*PROBLEM TO SOLVE:* Could you return each entry below exactly as written, minus any pictures?

*DATA FOR ANALYSIS:*
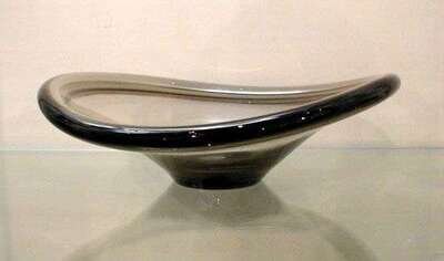Each of semi-circular flaring form in smoky gray glass, one stickered, each engraved "Holmegaard" and cipher, dated 1956 & 1960, dia: 9.7 in.
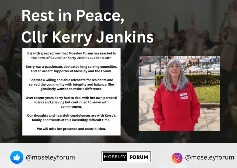 Kerry was a passionate, dedicated long-serving councillor, and an ardent supporter of Moseley and the Forum.
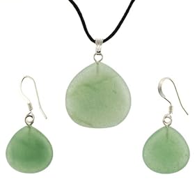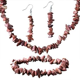 Pink Matrix Jasper Flatdrop Shaped Pendant and Earrings Set - 13x22mm Pendant, 11x17mm Earrings - Adjustable Cord Necklace: Jewelry
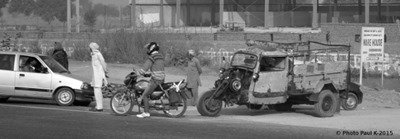 Le chauffeur de car, homme calme à l’allure d’un sherpa népalais sera notre homme de confiance. Et nous en aurons souvent besoin de sa confiance, tant les habitudes de conduites ici sont éloignées de celles de notre pays. Conduite à gauche bien sûr, héritage britannique oblige, mais aussi routes étroites, mal entretenues. Quant au code de la route, il semble ne pas être la première des préoccupations des conducteurs, ni des piétons indiens. L’essentiel étant de passer, en se faufilant dans les embouteillages, en surfant entre les animaux, les véhicules venus d’une autre planète, le tout dans un concert de klaxonnes bruyants et peu mélodieux.
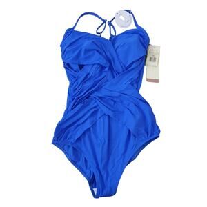 NEW Gottex One PIeces Women's Swimsuit Blue Size 14 Bathing Suit Vneck
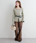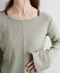デコルテをきれいに見せてくれるボートネックデザインと、袖口のフレアシルエットが女性らしい抜け感を演出します。
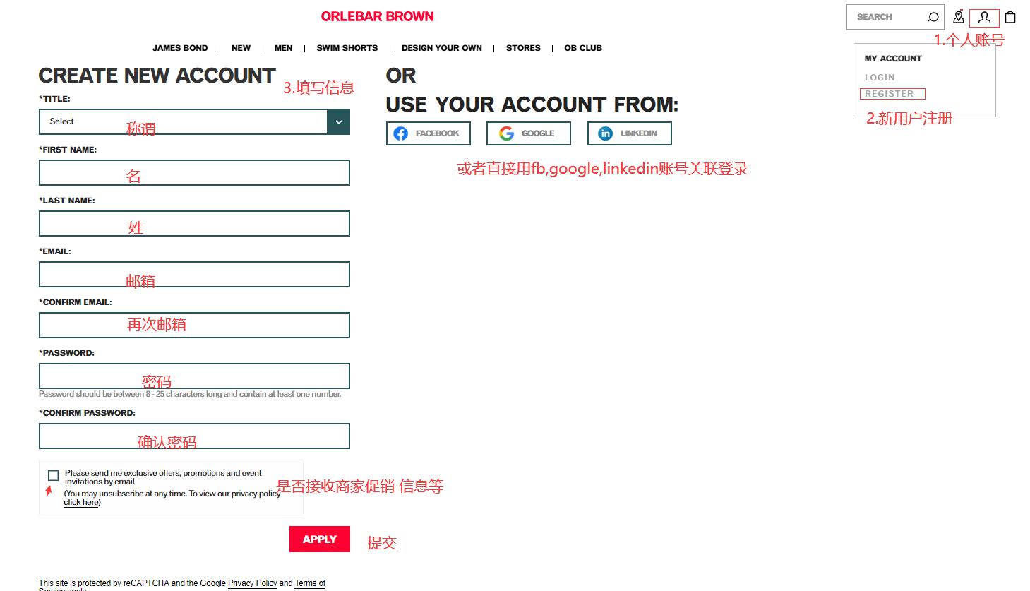步骤1:打开Orlebar Brown英国官网并注册账号
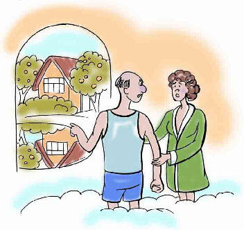 Показывает домик в зелени у озера с прозрачной, как слеза водицей
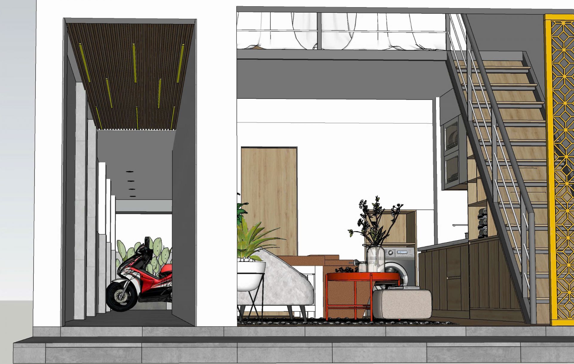 - Tầng 1: phía trước làm phòng cho thuê kinh doanh và phía sau là nhà xe
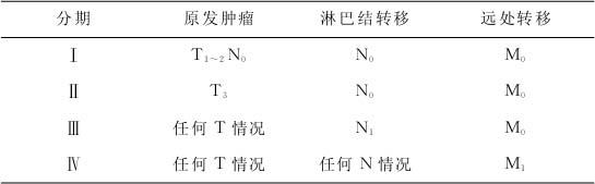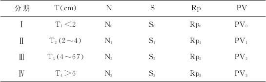 (五)UICC的胰腺癌分期标准 UICC分期(表22—2):T指肿瘤大小以及侵犯邻近组织情况,其第Ⅰ期包括肿瘤局限于胰腺组织(T1)以及侵犯十二指肠、胆管或胰周围组织但无淋巴结转移者(T2);第Ⅱ期包括肿瘤已侵犯胃、脾、结肠或邻近大血管而无淋巴结转移(T3N0);第Ⅲ、Ⅳ期分别指淋巴结和远处转移。 表22—2 UICC分期(按TNM分期法)
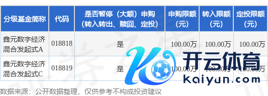 本站音书,9月24日鑫元基金惩办有限公司发布《对于鑫元数字经济夹杂型发起式证券投资基金暂停大额申购(调遣转入、如期定额投资)业务的公告》。公告中教唆,为保护基金份额捏有东谈主利益,自2025年9月24日起鑫元数字经济夹杂型发起式证券投资基金暂停大额申购(调遣转入、如期定额投资)业务,申购、调遣转入上限金额为100.0万元,下属分级基金解救明细如下:
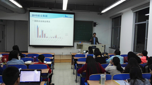 2015年10月15日晚7点,北京航空航天大学九游·官方网站在新主楼A208教室召开2016届硕士毕业生就业指导会。会上,九游·官方网站党委副书记刘娜老师及分团委书记冯维成老师为大家讲解了今年的就业趋势、就业政策、就业流程以及注意事项。
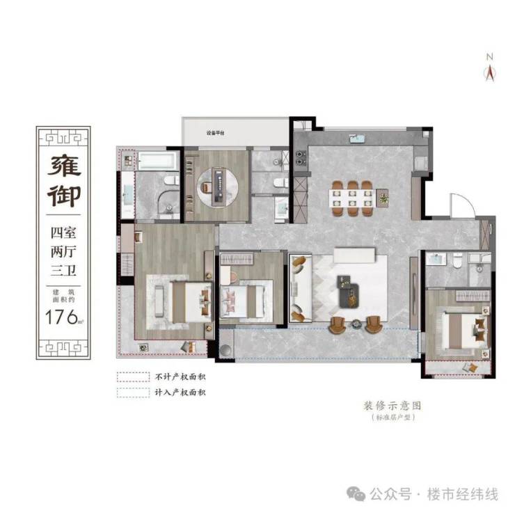 外立面采用三段式设计,从飞檐到立面线条,搭配中式纹路的点缀,尽显沉稳大气;北门入户大堂规划“无雨落客区”,为业主提供打车出行的酒店式落客归家体验;同时采用地上及地下双精装入户大堂设计,礼遇每次归家之旅;地下车库采用环氧地坪漆材质,呵护尊驾,礼制归家。
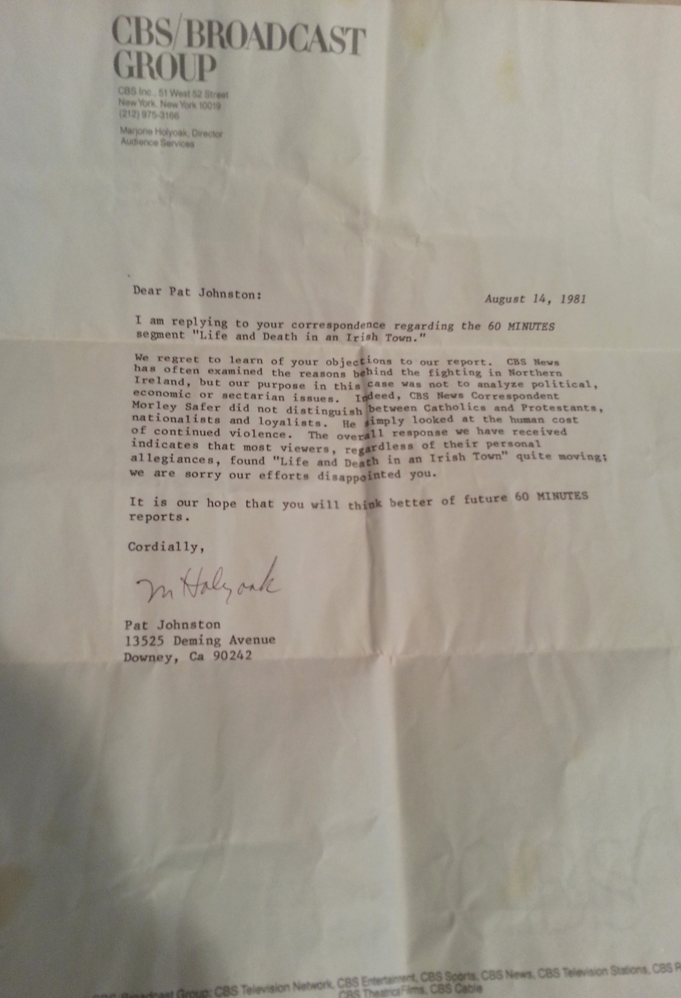 A copy of the response Dad received from CBS following his letter criticizing a segment about Northern Ireland.
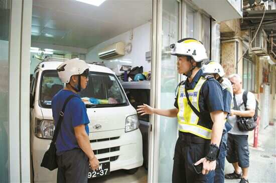 ■9月1日,澳门海关人员劝说低洼地区人员疏散撤离。新华社发
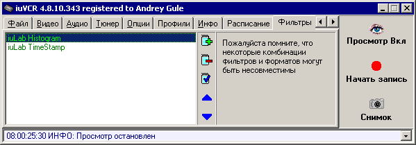 iuVCR позволяет при захвате обрабатывать изображение «на лету» фильтрами DirectShow, и лишь потом записывать. Конечно, применение фильтров «на лету» повышает ресурсоёмкость процесса захвата. iuVCR комплектуется набором высокоскоростных фильтров, которые специально оптимизированы для использования во время захвата. Это Inverse — для инвертирования цветов видео, Crop video — для обрезания краёв, Histogram — для удобной настройки яркости и контрастности (баланса белого) и TimeStamp — для накладывания на запись текущего времени и даты.
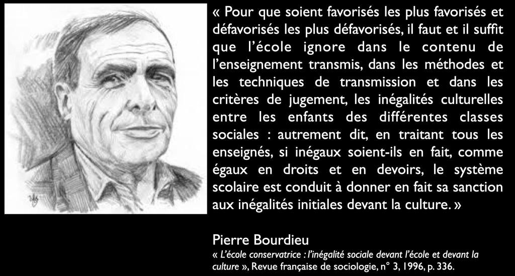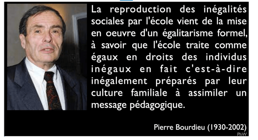Pierre Bourdieu sur l’origine de la reproduction des inégalités sociales par l’école. Citation de Pierre Bourdieu
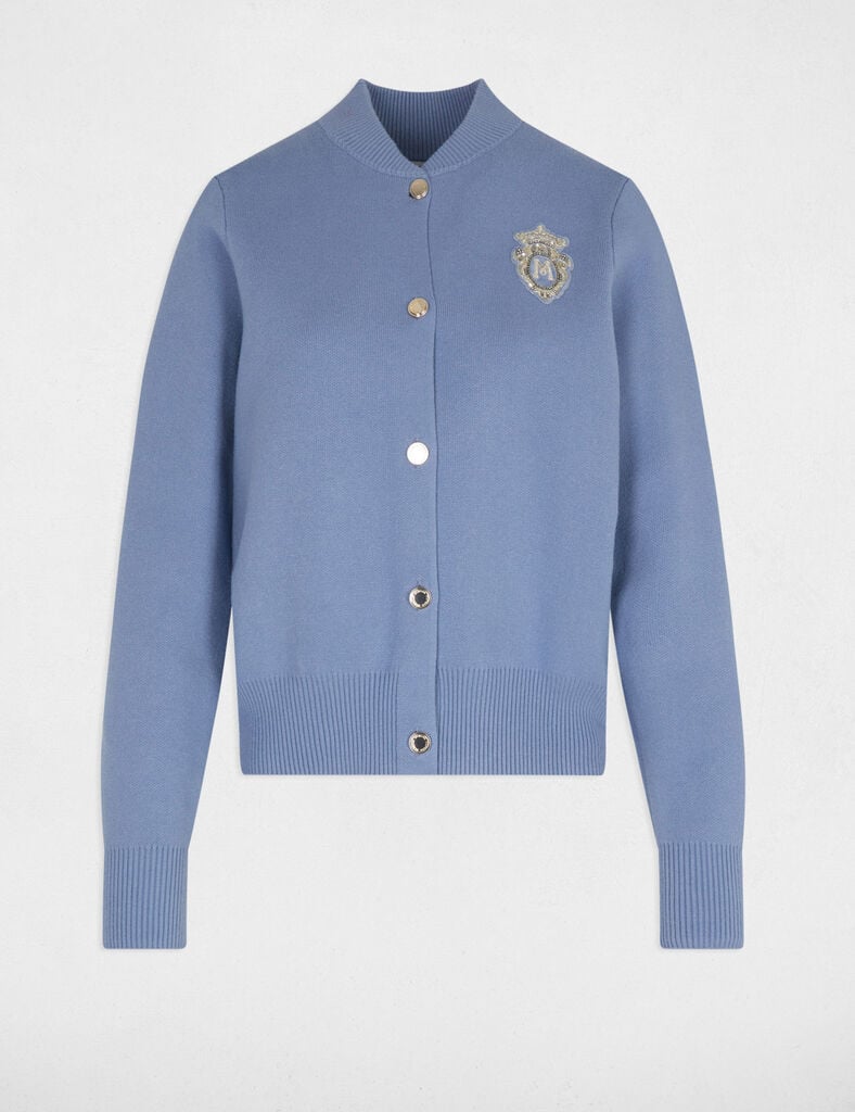 Este jersey corto ajustado realza las formas con elegancia gracias a su corte ceñido al cuerpo. Su cuello teddy estructurado y moderno aporta un estilo a la moda, mientras que los bordados delicados añaden un toque refinado y femenino. Los botones colocados sutilmente completan este tejido chic casual.

*RESPONSE:*
Each of semi-circular flaring form in smoky gray glass, one stickered, each engraved "Holmegaard" and cipher, dated 1956 & 1960, dia: 9.7 in.
 Kerry was a passionate, dedicated long-serving councillor, and an ardent supporter of Moseley and the Forum.
 Pink Matrix Jasper Flatdrop Shaped Pendant and Earrings Set - 13x22mm Pendant, 11x17mm Earrings - Adjustable Cord Necklace: Jewelry
 Le chauffeur de car, homme calme à l’allure d’un sherpa népalais sera notre homme de confiance. Et nous en aurons souvent besoin de sa confiance, tant les habitudes de conduites ici sont éloignées de celles de notre pays. Conduite à gauche bien sûr, héritage britannique oblige, mais aussi routes étroites, mal entretenues. Quant au code de la route, il semble ne pas être la première des préoccupations des conducteurs, ni des piétons indiens. L’essentiel étant de passer, en se faufilant dans les embouteillages, en surfant entre les animaux, les véhicules venus d’une autre planète, le tout dans un concert de klaxonnes bruyants et peu mélodieux.
 NEW Gottex One PIeces Women's Swimsuit Blue Size 14 Bathing Suit Vneck
デコルテをきれいに見せてくれるボートネックデザインと、袖口のフレアシルエットが女性らしい抜け感を演出します。
步骤1:打开Orlebar Brown英国官网并注册账号
 Показывает домик в зелени у озера с прозрачной, как слеза водицей
 - Tầng 1: phía trước làm phòng cho thuê kinh doanh và phía sau là nhà xe
 (五)UICC的胰腺癌分期标准 UICC分期(表22—2):T指肿瘤大小以及侵犯邻近组织情况,其第Ⅰ期包括肿瘤局限于胰腺组织(T1)以及侵犯十二指肠、胆管或胰周围组织但无淋巴结转移者(T2);第Ⅱ期包括肿瘤已侵犯胃、脾、结肠或邻近大血管而无淋巴结转移(T3N0);第Ⅲ、Ⅳ期分别指淋巴结和远处转移。 表22—2 UICC分期(按TNM分期法)
 本站音书,9月24日鑫元基金惩办有限公司发布《对于鑫元数字经济夹杂型发起式证券投资基金暂停大额申购(调遣转入、如期定额投资)业务的公告》。公告中教唆,为保护基金份额捏有东谈主利益,自2025年9月24日起鑫元数字经济夹杂型发起式证券投资基金暂停大额申购(调遣转入、如期定额投资)业务,申购、调遣转入上限金额为100.0万元,下属分级基金解救明细如下:
 2015年10月15日晚7点,北京航空航天大学九游·官方网站在新主楼A208教室召开2016届硕士毕业生就业指导会。会上,九游·官方网站党委副书记刘娜老师及分团委书记冯维成老师为大家讲解了今年的就业趋势、就业政策、就业流程以及注意事项。
 外立面采用三段式设计,从飞檐到立面线条,搭配中式纹路的点缀,尽显沉稳大气;北门入户大堂规划“无雨落客区”,为业主提供打车出行的酒店式落客归家体验;同时采用地上及地下双精装入户大堂设计,礼遇每次归家之旅;地下车库采用环氧地坪漆材质,呵护尊驾,礼制归家。
 A copy of the response Dad received from CBS following his letter criticizing a segment about Northern Ireland.
 ■9月1日,澳门海关人员劝说低洼地区人员疏散撤离。新华社发
 iuVCR позволяет при захвате обрабатывать изображение «на лету» фильтрами DirectShow, и лишь потом записывать. Конечно, применение фильтров «на лету» повышает ресурсоёмкость процесса захвата. iuVCR комплектуется набором высокоскоростных фильтров, которые специально оптимизированы для использования во время захвата. Это Inverse — для инвертирования цветов видео, Crop video — для обрезания краёв, Histogram — для удобной настройки яркости и контрастности (баланса белого) и TimeStamp — для накладывания на запись текущего времени и даты.
Pierre Bourdieu sur l’origine de la reproduction des inégalités sociales par l’école. Citation de Pierre Bourdieu
 Este jersey corto ajustado realza las formas con elegancia gracias a su corte ceñido al cuerpo. Su cuello teddy estructurado y moderno aporta un estilo a la moda, mientras que los bordados delicados añaden un toque refinado y femenino. Los botones colocados sutilmente completan este tejido chic casual.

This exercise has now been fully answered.